Goal of the exercise:
The answer must repeat every record exactly, with all pictures omitted.

Stored entries
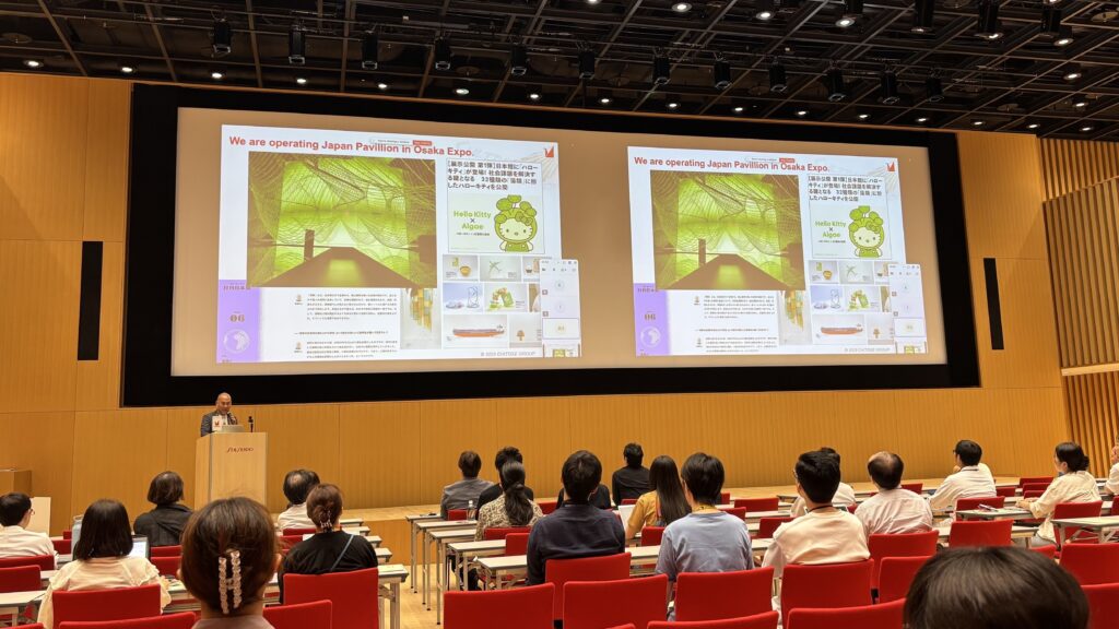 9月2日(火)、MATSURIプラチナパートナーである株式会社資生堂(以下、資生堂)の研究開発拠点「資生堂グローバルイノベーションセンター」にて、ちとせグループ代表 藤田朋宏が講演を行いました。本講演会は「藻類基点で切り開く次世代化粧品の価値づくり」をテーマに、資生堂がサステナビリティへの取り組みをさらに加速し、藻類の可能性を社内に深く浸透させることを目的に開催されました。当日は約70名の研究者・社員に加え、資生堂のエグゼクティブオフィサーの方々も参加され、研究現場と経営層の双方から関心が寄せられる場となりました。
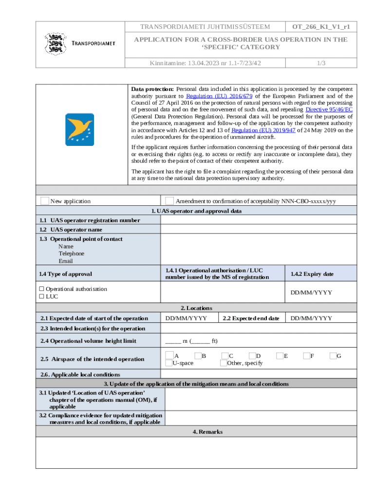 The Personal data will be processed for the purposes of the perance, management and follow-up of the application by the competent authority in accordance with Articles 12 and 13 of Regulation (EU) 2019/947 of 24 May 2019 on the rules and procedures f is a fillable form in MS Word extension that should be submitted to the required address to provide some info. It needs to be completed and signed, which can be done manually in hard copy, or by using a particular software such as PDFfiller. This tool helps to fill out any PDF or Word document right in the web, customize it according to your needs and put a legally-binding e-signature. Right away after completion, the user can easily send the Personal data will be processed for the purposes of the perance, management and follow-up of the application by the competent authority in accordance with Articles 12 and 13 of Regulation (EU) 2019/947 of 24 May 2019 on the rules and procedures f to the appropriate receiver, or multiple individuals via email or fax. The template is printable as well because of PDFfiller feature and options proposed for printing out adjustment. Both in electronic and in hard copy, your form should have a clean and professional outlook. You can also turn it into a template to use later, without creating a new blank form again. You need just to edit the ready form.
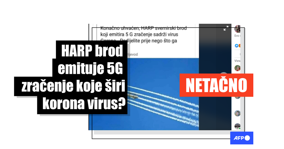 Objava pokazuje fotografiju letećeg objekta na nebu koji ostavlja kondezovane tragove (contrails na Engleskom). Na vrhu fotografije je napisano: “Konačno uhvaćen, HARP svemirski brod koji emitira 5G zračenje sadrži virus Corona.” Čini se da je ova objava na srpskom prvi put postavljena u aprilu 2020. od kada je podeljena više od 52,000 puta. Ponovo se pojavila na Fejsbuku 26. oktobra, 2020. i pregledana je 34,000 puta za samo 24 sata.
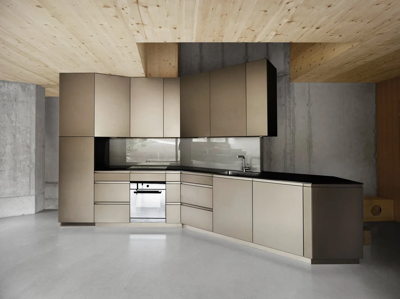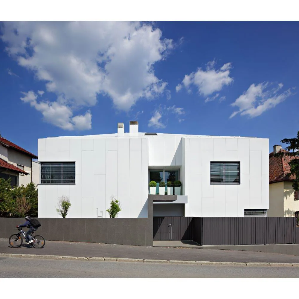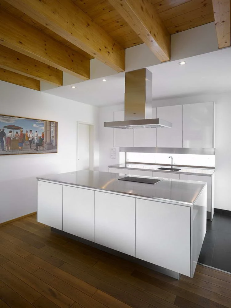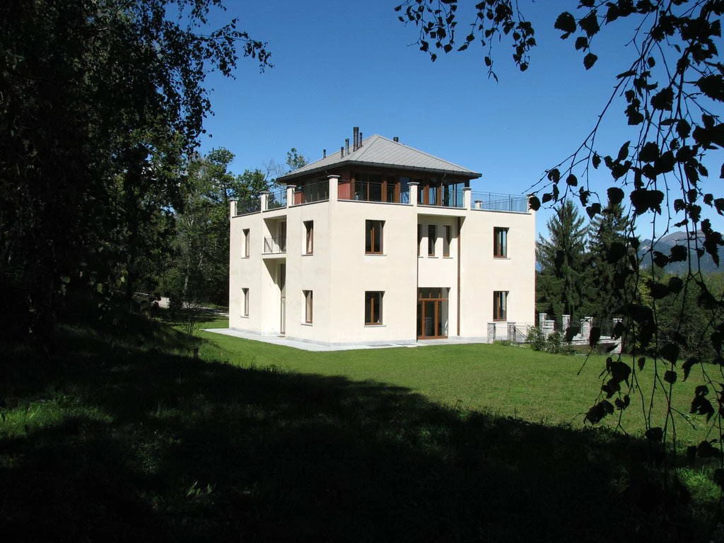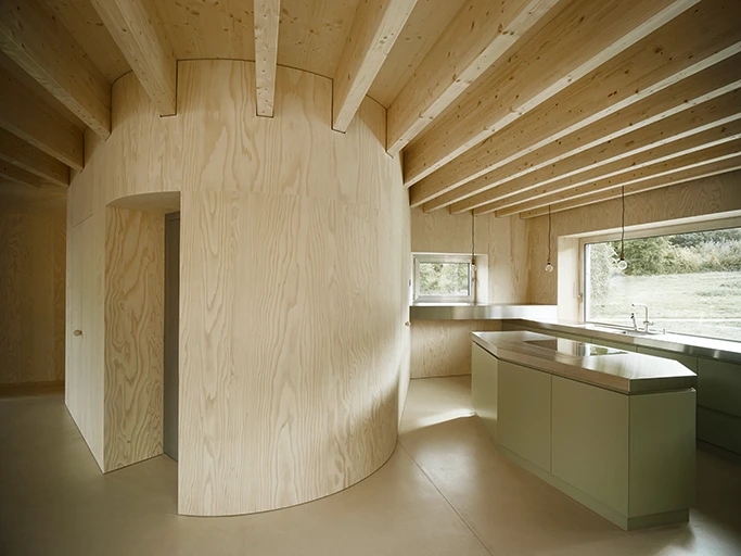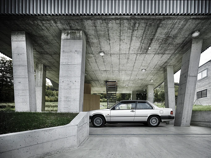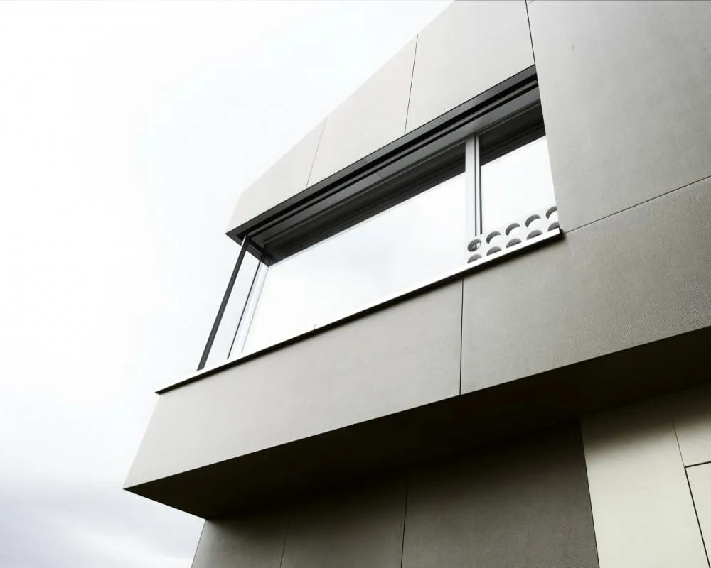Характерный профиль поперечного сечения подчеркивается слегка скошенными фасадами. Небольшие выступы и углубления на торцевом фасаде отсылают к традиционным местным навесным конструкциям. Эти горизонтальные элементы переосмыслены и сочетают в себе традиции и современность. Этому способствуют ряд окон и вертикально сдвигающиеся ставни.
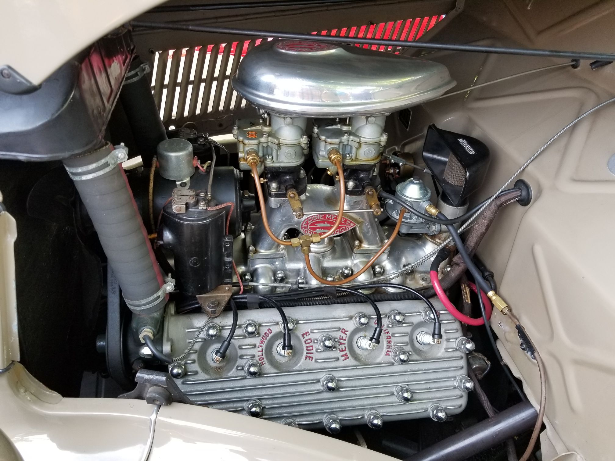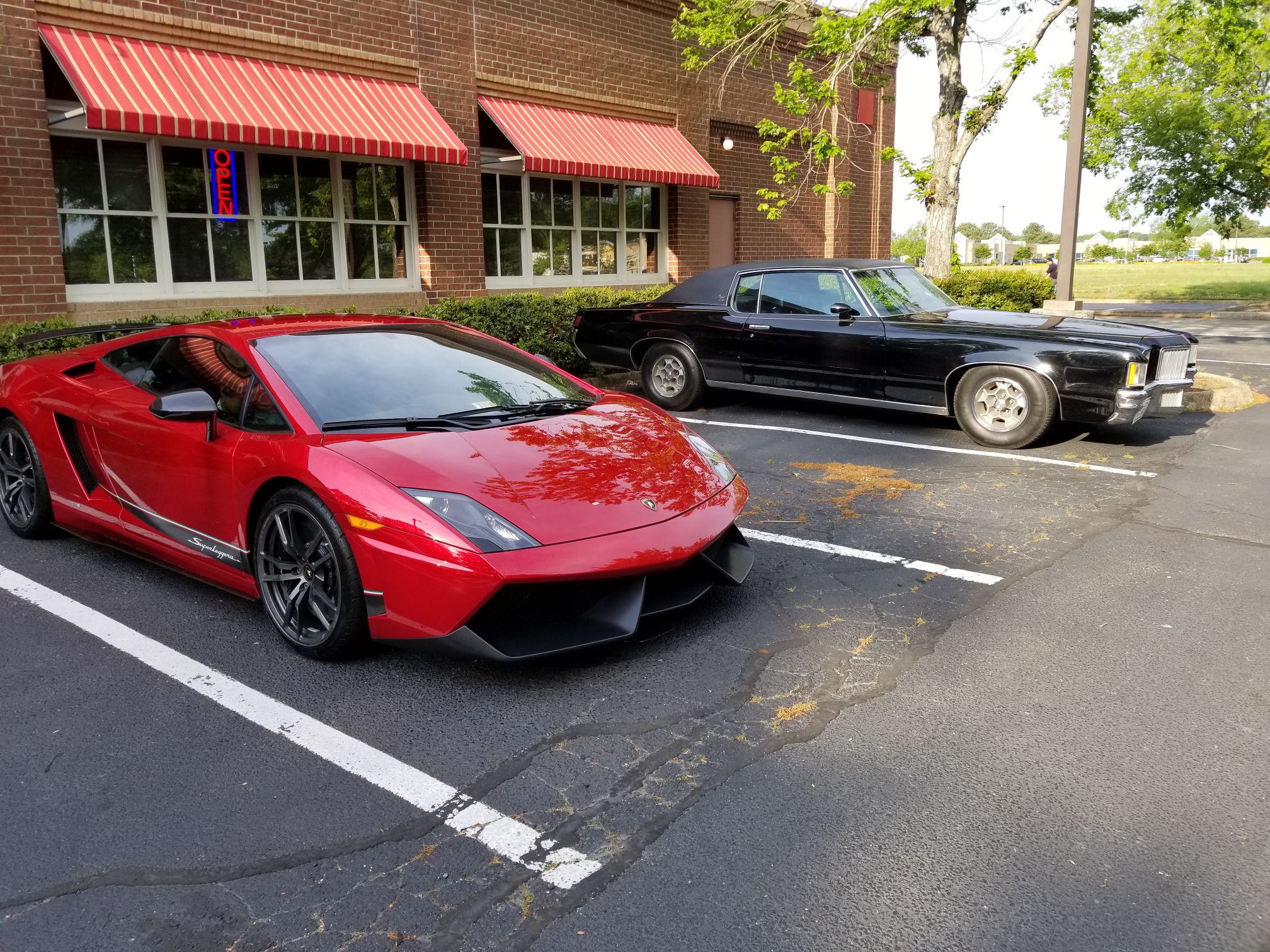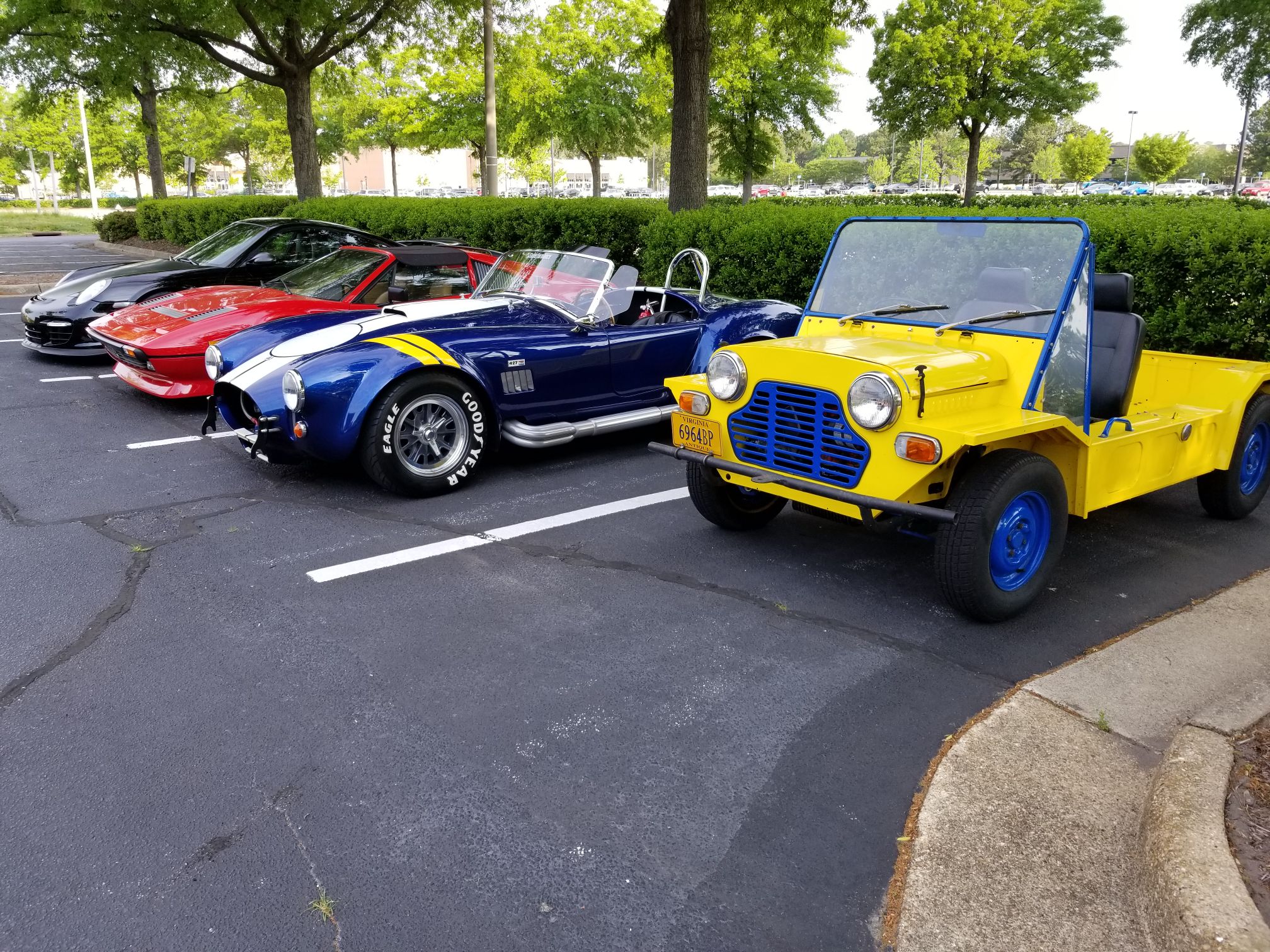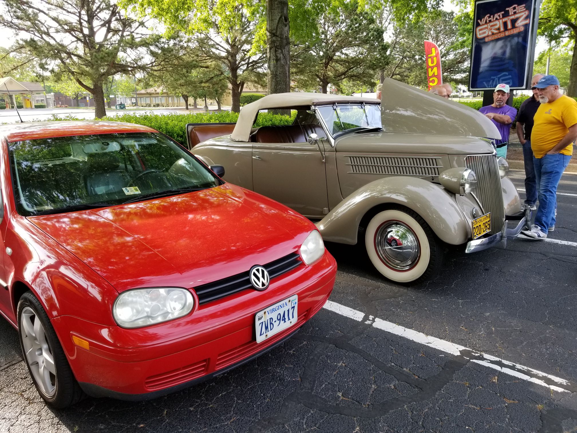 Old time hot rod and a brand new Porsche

Problem solution:
 9月2日(火)、MATSURIプラチナパートナーである株式会社資生堂(以下、資生堂)の研究開発拠点「資生堂グローバルイノベーションセンター」にて、ちとせグループ代表 藤田朋宏が講演を行いました。本講演会は「藻類基点で切り開く次世代化粧品の価値づくり」をテーマに、資生堂がサステナビリティへの取り組みをさらに加速し、藻類の可能性を社内に深く浸透させることを目的に開催されました。当日は約70名の研究者・社員に加え、資生堂のエグゼクティブオフィサーの方々も参加され、研究現場と経営層の双方から関心が寄せられる場となりました。
 The Personal data will be processed for the purposes of the perance, management and follow-up of the application by the competent authority in accordance with Articles 12 and 13 of Regulation (EU) 2019/947 of 24 May 2019 on the rules and procedures f is a fillable form in MS Word extension that should be submitted to the required address to provide some info. It needs to be completed and signed, which can be done manually in hard copy, or by using a particular software such as PDFfiller. This tool helps to fill out any PDF or Word document right in the web, customize it according to your needs and put a legally-binding e-signature. Right away after completion, the user can easily send the Personal data will be processed for the purposes of the perance, management and follow-up of the application by the competent authority in accordance with Articles 12 and 13 of Regulation (EU) 2019/947 of 24 May 2019 on the rules and procedures f to the appropriate receiver, or multiple individuals via email or fax. The template is printable as well because of PDFfiller feature and options proposed for printing out adjustment. Both in electronic and in hard copy, your form should have a clean and professional outlook. You can also turn it into a template to use later, without creating a new blank form again. You need just to edit the ready form.
 Objava pokazuje fotografiju letećeg objekta na nebu koji ostavlja kondezovane tragove (contrails na Engleskom). Na vrhu fotografije je napisano: “Konačno uhvaćen, HARP svemirski brod koji emitira 5G zračenje sadrži virus Corona.” Čini se da je ova objava na srpskom prvi put postavljena u aprilu 2020. od kada je podeljena više od 52,000 puta. Ponovo se pojavila na Fejsbuku 26. oktobra, 2020. i pregledana je 34,000 puta za samo 24 sata.
Характерный профиль поперечного сечения подчеркивается слегка скошенными фасадами. Небольшие выступы и углубления на торцевом фасаде отсылают к традиционным местным навесным конструкциям. Эти горизонтальные элементы переосмыслены и сочетают в себе традиции и современность. Этому способствуют ряд окон и вертикально сдвигающиеся ставни.
 Old time hot rod and a brand new Porsche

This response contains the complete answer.